— What to do —
Set down, exactly as written, the lines from the line holding "私が試行錯誤の末に見つけ出し" to the end of the data, inclusive, skipping any pictures.

— Stored data —
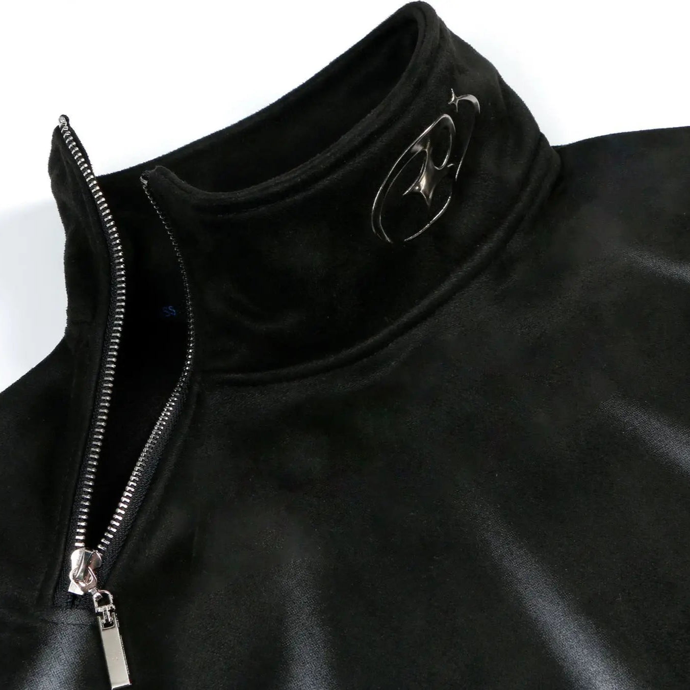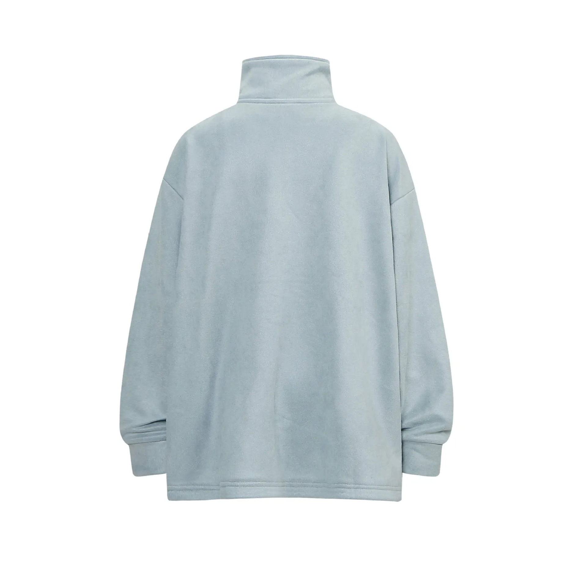 A futuristic silhouette grounded in warmth and tactile presence. This oversized mock-neck pullover is built from heavyweight velour-backed fleece with a matte suede finish, exceptionally soft to the touch yet structured enough to maintain its shape.
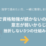 私が試行錯誤の末に見つけ出した、『意志の強さに頼らずに勉強を続けるための3つの具体的な仕組み』 を解説しています。
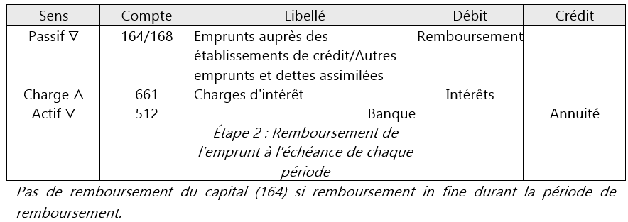 En comptabilité, un emprunt est inscrit au passif du bilan de l'emprunteur. Chaque période, un remboursement du capital et/ou des intérêts doit être effectué par l'entité.

— Result for this exercise —
 私が試行錯誤の末に見つけ出した、『意志の強さに頼らずに勉強を続けるための3つの具体的な仕組み』 を解説しています。
 En comptabilité, un emprunt est inscrit au passif du bilan de l'emprunteur. Chaque période, un remboursement du capital et/ou des intérêts doit être effectué par l'entité.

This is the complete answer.